Por: JOSÉ ARISTÓNICO GARCÍA SÁNCHEZ
Presidente de EL NOTARIO DEL SIGLO XXI


LOS LIBROS

Michael Onfray, negacionista post-nietzscheano radical, nos imparte una lección de Historia de la Filosofía a través de símbolos incluidos en retratos de los filósofos más famosos

Coincidiendo con la polémica por las restricciones que los planes de estudios pretenden imponer en nuestro país a la ciencia del pensamiento, la filosofía, ha aparecido, quizá como inesperada compensación, una obra que pretende divulgar la filosofía a través del marco didáctico de la pintura. Su autor es uno de los filósofos más chispeantes del actual panorama cultural, Michael Onfray, l’enfant terrible del materialismo hedonista. Ya intentó en 2016 con La vitesse des simulacres experimentar la capacidad expresiva de la escultura para transmitir la historia del pensamiento. Luego, en 2019, afrontó el singular empeño de valerse de la pintura para el mismo fin. El resultado lo hizo público en París en un libro que tituló Le cocodrile d’Aristote. En España, muy bien traducido y editado, ha aparecido el mes de abril pasado (Ed. Planeta 2022) con el mismo título El cocodrilo de Aristóteles.

“Es una obra que pretende divulgar la filosofía a través del marco didáctico de la pintura”

La obra propone revelar las líneas maestras de las doctrinas filosóficas a través de treinta y tres lienzos, bien reproducidos en el texto, correspondientes a otros tantos filósofos desde Pitágoras y Anaxágoras hasta Foucault y Derrida, con ventaja en el número de los elegidos para el claustro galo, pasando por Sócrates, Platón, San Agustín, Kant, Nietzsche etc. Cierto es que hay notables ausencias, algunas reconocidas por Onfray en su arrepentimiento final como Averroes, Avicena o Maimónides, y otras, caso de Leibnitz, Hume, Hegel o Schelling, excusadas en que no ha habido pintores capaces de trasladar al lienzo el detalle revelador, el objeto capaz de expresar el todo, analogón llama el autor a esta metonimia pictórica, es decir al símbolo delator de su mensaje doctrinal que daría sentido al cuadro.

“La mayoría de las pinturas exigen una descodificación puntual para ser realmente comprendidas.
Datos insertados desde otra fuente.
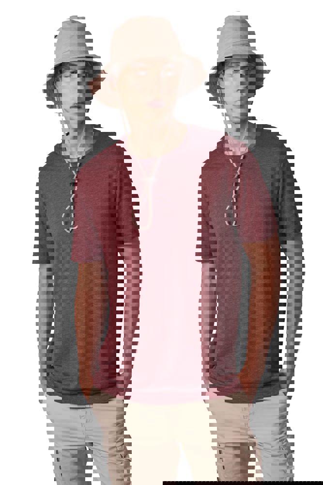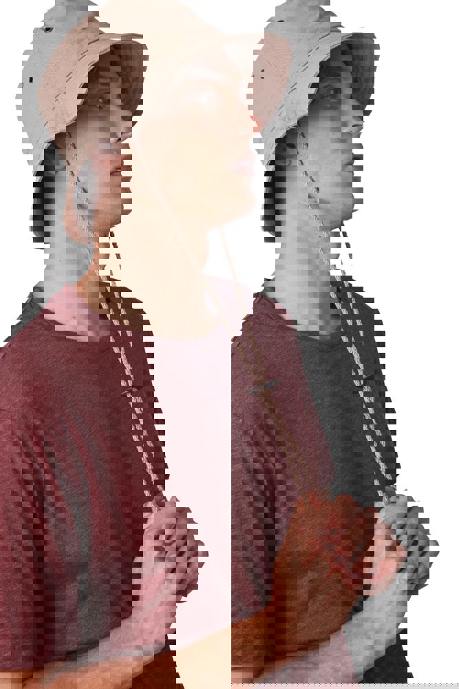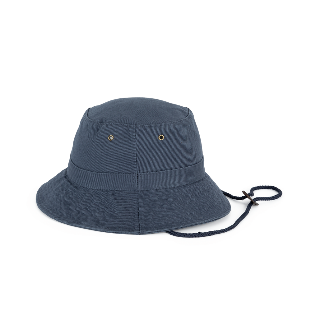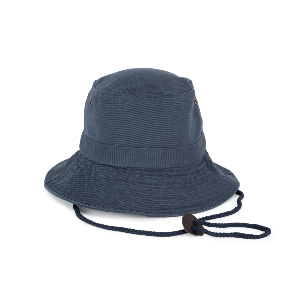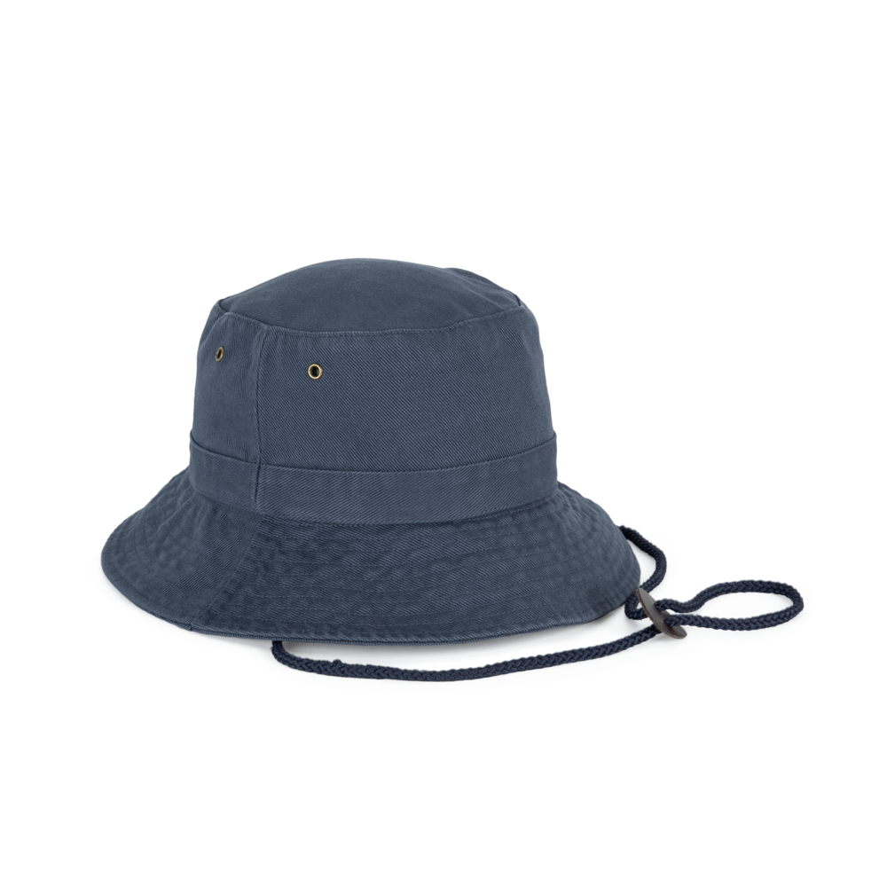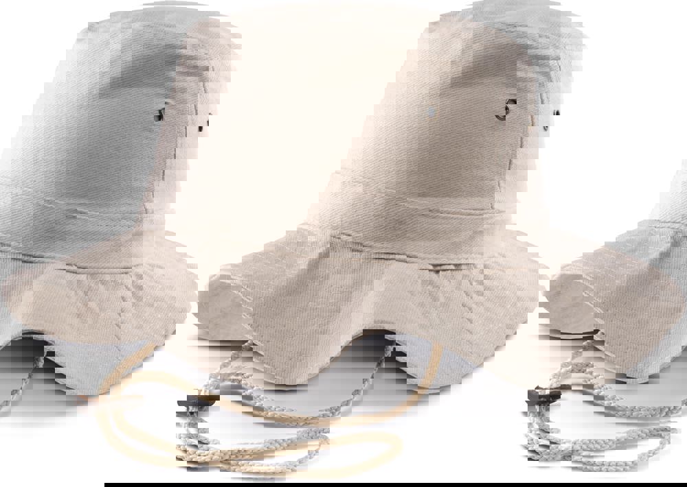 100% grob gebürstetes Baumwolltwill, fest und dicht. Doppelt gesteppter Rand. Krempe verstärkt. Schnur aus Leder, mit Stopper zum Einstellen. 4 Metall-Luftösen.

El pintor necesita encontrar un analogón para su boceto que el intérprete deberá saber desvelar al descodificarla”

Cierto es que la mayoría de las pinturas exigen una descodificación puntual para ser realmente comprendidas. Y al igual que Wagner asigna a cada personaje del drama musical un leit-motiv que lo identifica, el pintor necesita encontrar un analogón para su boceto -algunos inmortales como la sonrisa de Gioconda o la mirada del Papa Inocencio- que será motivo identificativo o símbolo expresivo del alma del héroe de su pintura. Y en él estará concentrado el todo de su singularidad que el intérprete deberá saber desvelar al descodificarla.

“Si tuviera que elegir el analogón de Nietzsche elegiría un martillo para romper. A sí mismo se atribuiría un hacha para destrozar”

Michel Onfray es un filósofo brillante y exaltado. Es rebelde, ácrata, libertario, ateo radical, hedonista. Podría adscribirse a la escuela de Epicuro y Lucrecio. Admira sobre todos a Nietzsche cuyo nihilismo sublima y trata de superar, Dios no está muerto, dice, porque las ficciones no mueren nunca. Como es sabido, es autor de más de cincuenta libros, y sus títulos lo dicen todo, Antimanual de Filosofía, Contrahistoria de la Filosofía, Tratado de ateología, Política del rebelde, Tratado de resistencia e insumisión… Si tuviera que elegirlo, el analogón de Nietzsche para él sería un martillo para romper, y a sí mismo se atribuiría, además de una presuntuosa bombilla, un hacha para destrozar. A pesar de este su negativismo radical del que ya hizo gala en su tesis doctoral, todos reconocen lucidez a su discurso. Y como también todos saben, es muy leído y sus clases de Historia de la Filosofía se emiten regularmente por France-Culture.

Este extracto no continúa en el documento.